What the task asks
Starting at the first line of the records below, reproduce every line up to and including the line with "4-Bar cashmere knitted", but leave out all pictures.

Stored data
================================
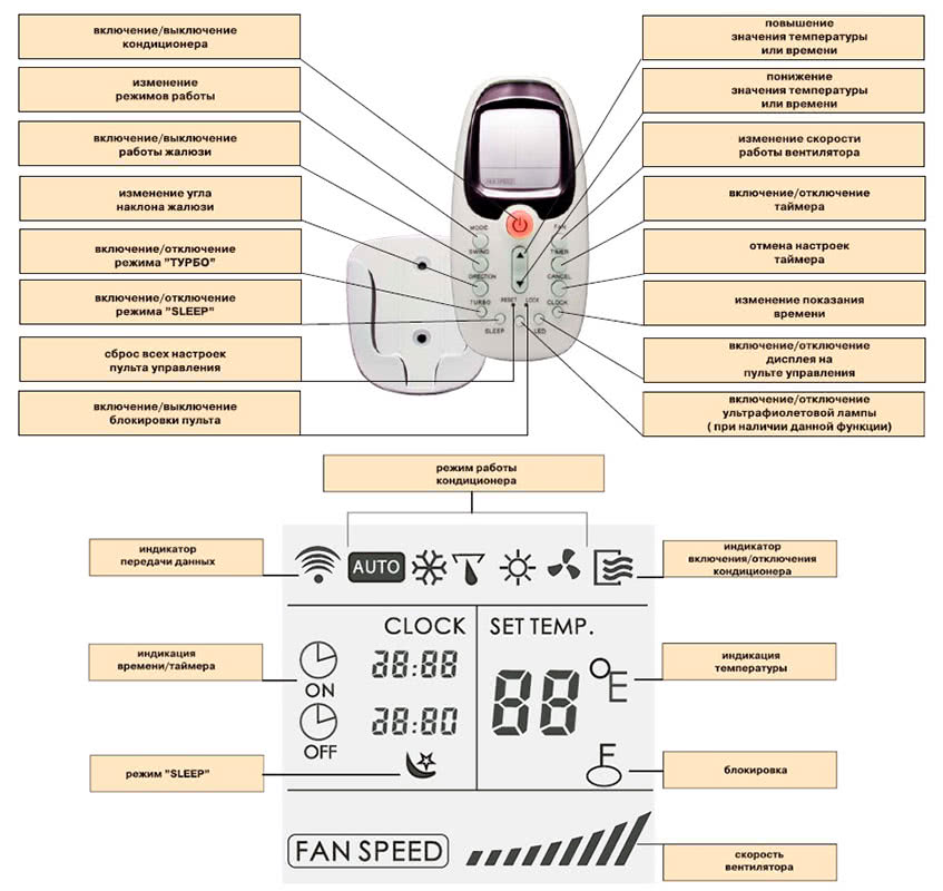 Количество кнопок и их значения зависит от марки кондиционера. На кнопки наносятся символы или они могут иметь просто надпись.
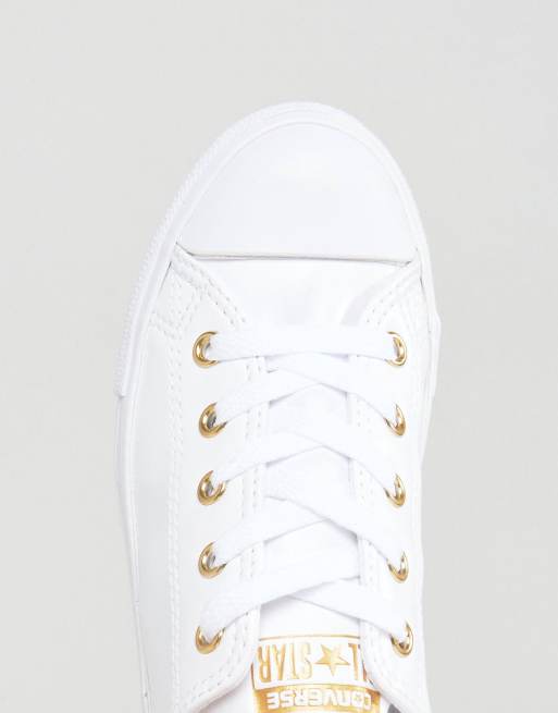 Converse Chuck Taylor Dainty Sneakers In White With Gold Eyelets
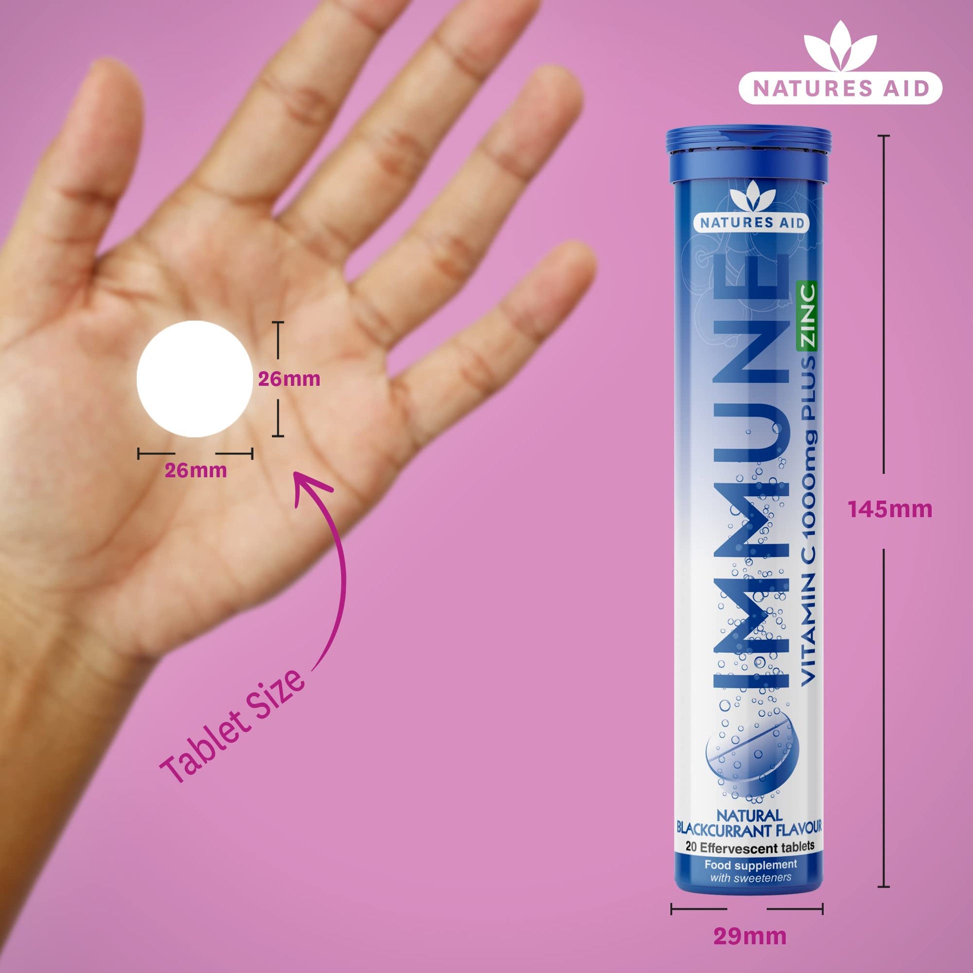 natures aid Immune Effervescent with Zinc & Vitamin C, Natural Blackcurrant Flavour, 20 Tablets, Pack of 1
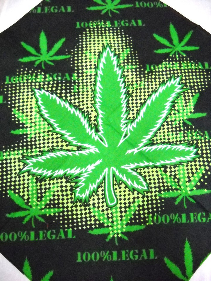 100% LEGAL GIANT POT LEAF BLACK & BRIGHT GREEN COLORS HEAD WRAP SCARF STATEMENT
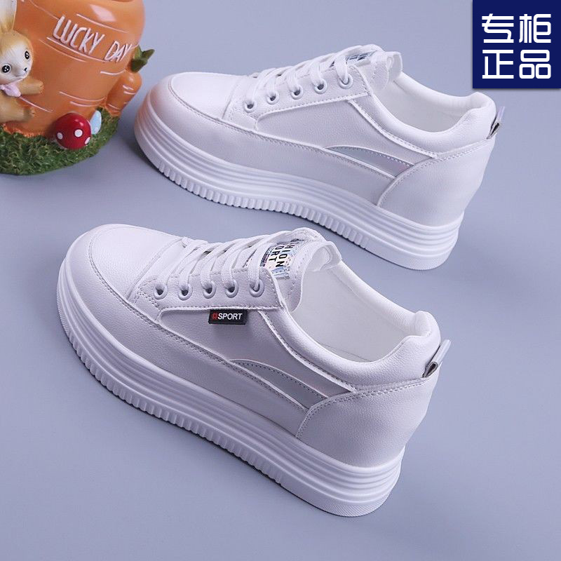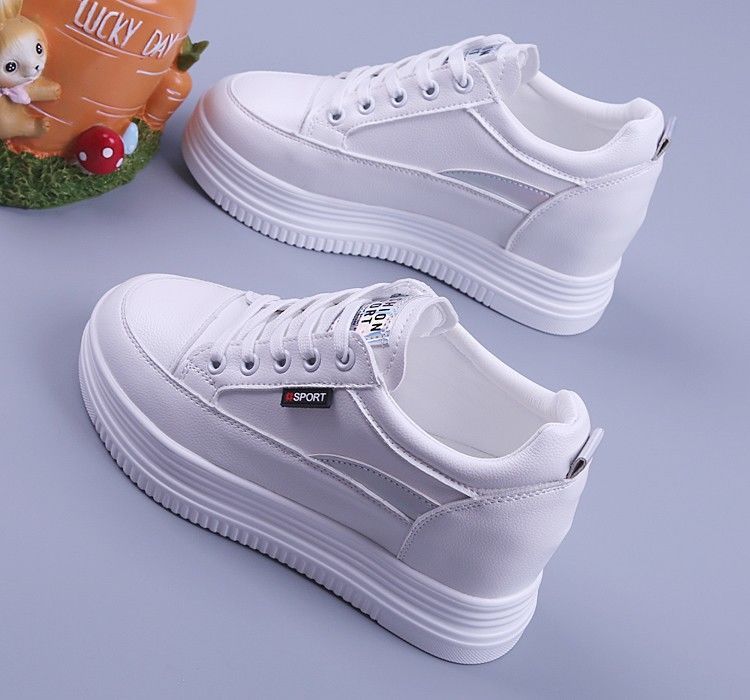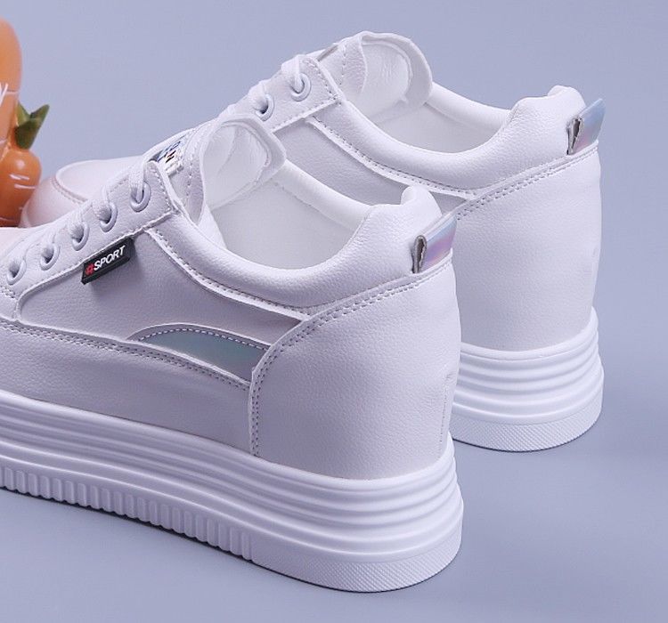 2025 봄 여름 신상 여성용 두꺼운 밑창 플랫폼 슈즈, 속이 빈 통기성 여성용 메쉬 슈즈, 슬림하고 패셔너블한 여성용 키높이 화이트 슈즈스토어 가기
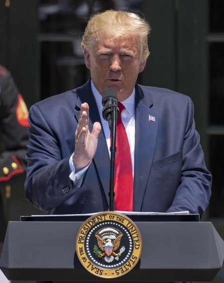 Donald J. Trump przemawia na 3. dorocznej wystawie produktow w Bialym Domu
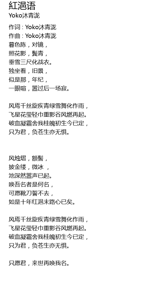 | zhǐ yuàn jūn, lái shì zài huàn wǒ míng. |
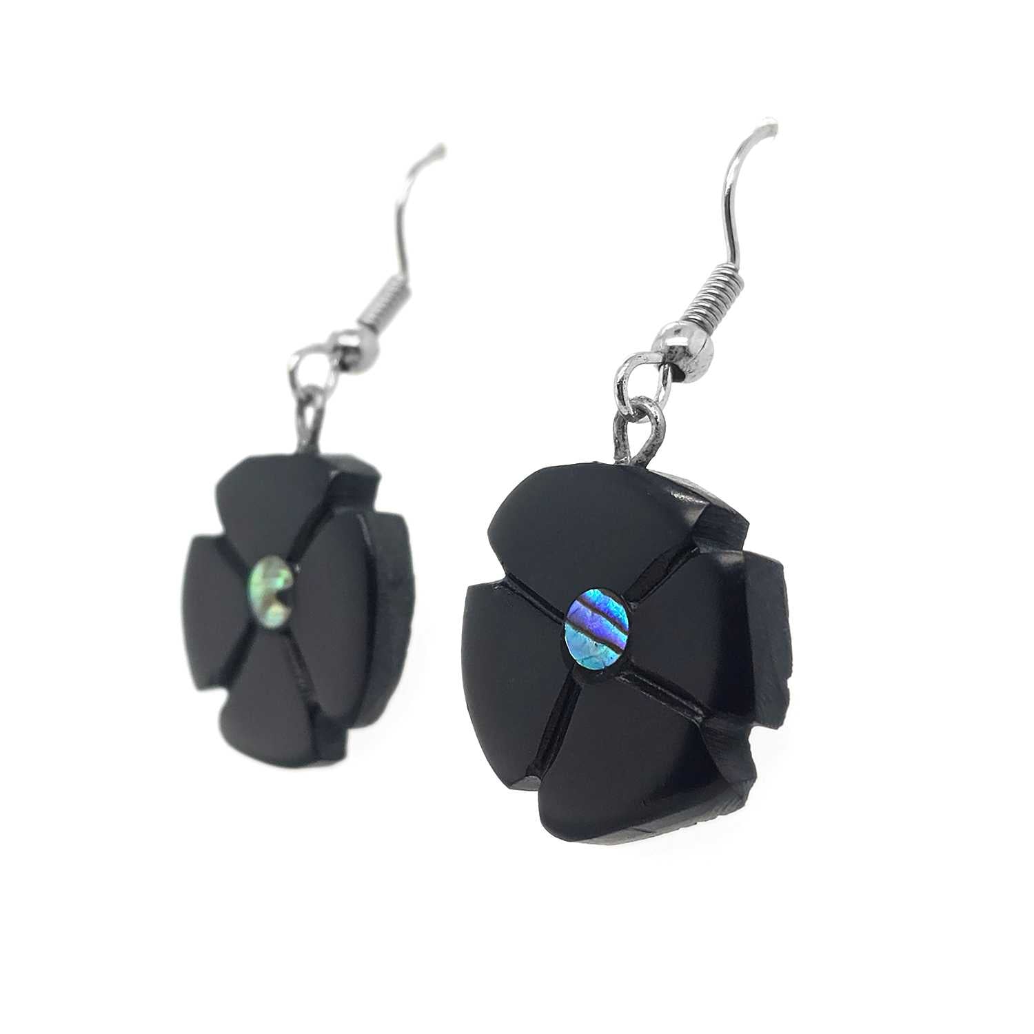 These Flower earrings were hand-carved by Haida artist Amy Edgars. The earrings have been carved in argillite and feature 2 abalone inlays in total.
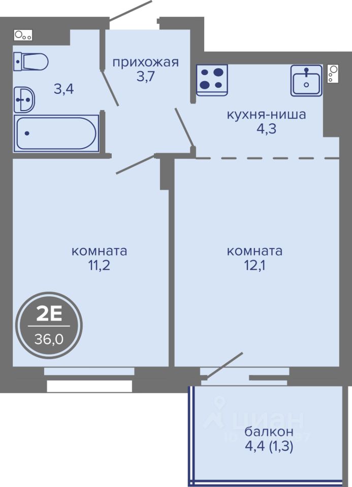 21 м² · Этаж 2 из 4
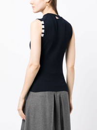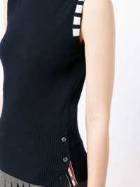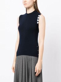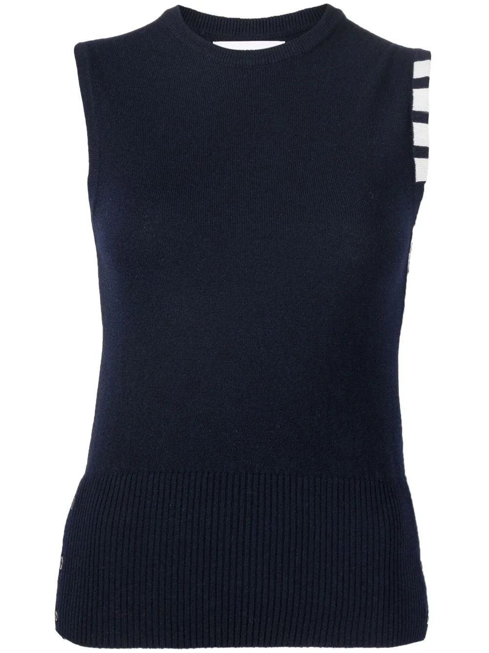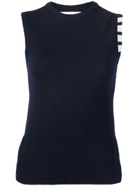 4-Bar cashmere knitted top Highlights - Navy blue - Cashmere - Crew neck - Sleeveless - Ribbed hem - Side button fastening - Signature 4-bar stripe - Signature grosgrain loop tab Made in United Kingdom Composition Cashmere 100% SIZE & FIT Model measurements Height 5 ft 11 in(1.8 m) Bust/Chest 28.34 in(72 cm) Hips 35.43 in(90 cm) Waist 23.62 in(60 cm) Measurement BUST 25.98 in(66 cm) LENGTH 21.25 in(54 cm) Shoulder Width 12.2 in(31 cm)
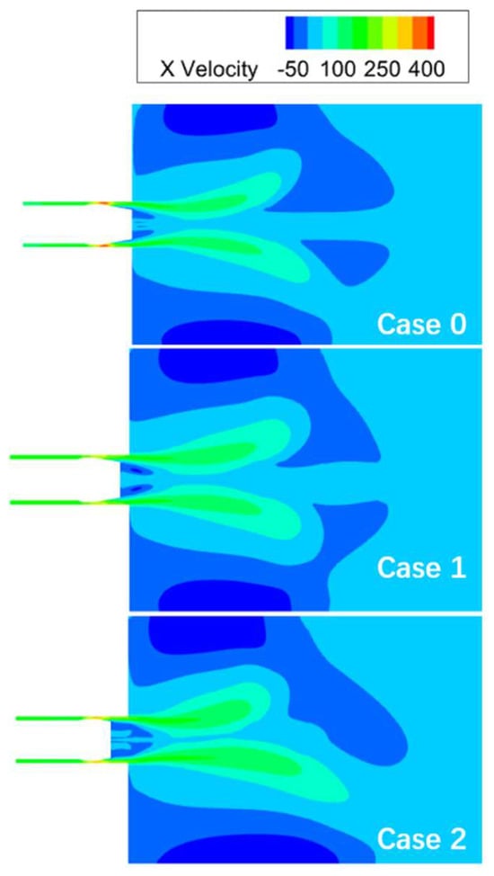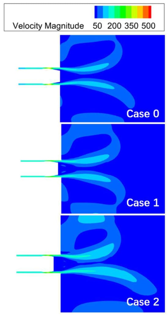 The velocity fields near the injection surfaces of the three sets of injector structures show obvious differences, and their velocity cloud diagrams are shown in Figure 21 and Figure 22. The air jet of the non-recessed injector diffuses directly along the axial direction, the mixing process of fuel and oxidizer depends on the development of the jet itself, and the overall mixing efficiency is low; the recirculation zone of the 5 mm recessed injector is expanded compared with the non-recessed condition, and although the overall velocity field morphology is similar to the non-recessed condition, a local recirculation structure has been formed inside the cavity, and a recirculation vortex appears between the injector panel and the recessed wall surface. The range of the recirculation zone is relatively moderate, which effectively enhances the local mixing effect; the 10 mm recessed injector has a significantly expanded cavity recirculation zone due to the deep cavity design, and the recirculation zones between the injector panel and the upper and lower walls are also obviously enlarged. The deep cavity further strengthens the air flow rotation and velocity gradient, so that the recirculation zone is improved in both spatial range and velocity intensity. The recessed structure can enhance the disturbance effect of the air jet near the injection surface, expand the range of the recirculation zone, and affect the mixing process of fuel and oxidizer. The recessed cavity with recess prolongs the fuel residence time through recirculation, and the larger the recess amount, the more significant the entrainment and mixing effect of the air jet on the fuel, ultimately providing a more sufficient combustible mixture for ignition and combustion.
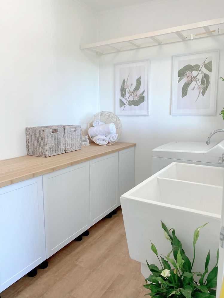 Congratulations on that terrific laundry makeover. You've perfectly managed to introduce coastal vibes in that laundry and created a stylish and functional space. I especially love your innovative idea of hanging a ladder from the wall to maximise drying space.
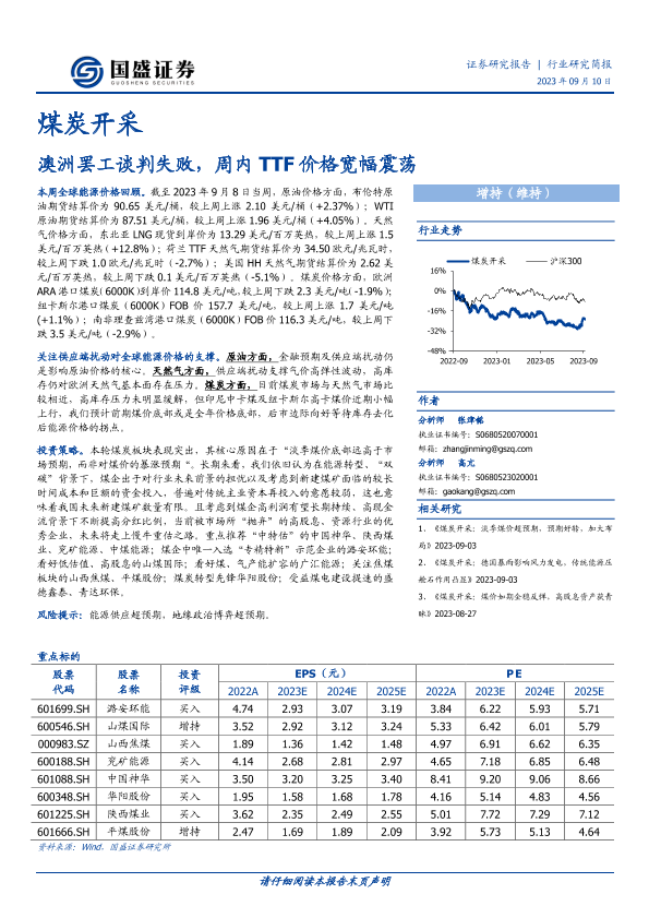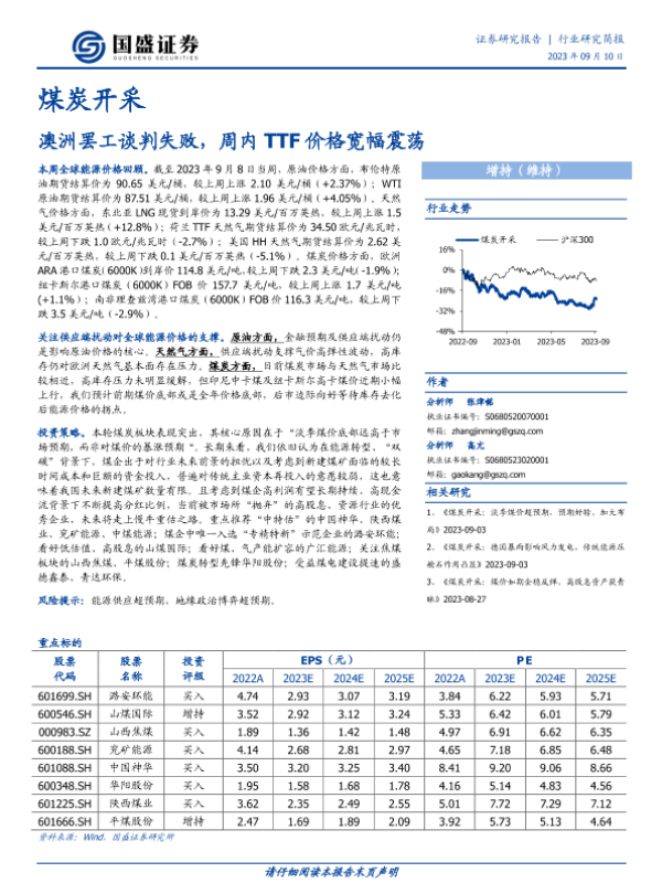 【国盛证券】【20230910】20230910-国盛证券-煤炭开采行业研究简报:澳洲罢工谈判失败,周内TTF价格宽幅震荡-14页
================================
Task output
 Количество кнопок и их значения зависит от марки кондиционера. На кнопки наносятся символы или они могут иметь просто надпись.
 Converse Chuck Taylor Dainty Sneakers In White With Gold Eyelets
 natures aid Immune Effervescent with Zinc & Vitamin C, Natural Blackcurrant Flavour, 20 Tablets, Pack of 1
 100% LEGAL GIANT POT LEAF BLACK & BRIGHT GREEN COLORS HEAD WRAP SCARF STATEMENT
 2025 봄 여름 신상 여성용 두꺼운 밑창 플랫폼 슈즈, 속이 빈 통기성 여성용 메쉬 슈즈, 슬림하고 패셔너블한 여성용 키높이 화이트 슈즈스토어 가기
 Donald J. Trump przemawia na 3. dorocznej wystawie produktow w Bialym Domu
 | zhǐ yuàn jūn, lái shì zài huàn wǒ míng. |
 These Flower earrings were hand-carved by Haida artist Amy Edgars. The earrings have been carved in argillite and feature 2 abalone inlays in total.
 21 м² · Этаж 2 из 4
 4-Bar cashmere knitted top Highlights - Navy blue - Cashmere - Crew neck - Sleeveless - Ribbed hem - Side button fastening - Signature 4-bar stripe - Signature grosgrain loop tab Made in United Kingdom Composition Cashmere 100% SIZE & FIT Model measurements Height 5 ft 11 in(1.8 m) Bust/Chest 28.34 in(72 cm) Hips 35.43 in(90 cm) Waist 23.62 in(60 cm) Measurement BUST 25.98 in(66 cm) LENGTH 21.25 in(54 cm) Shoulder Width 12.2 in(31 cm)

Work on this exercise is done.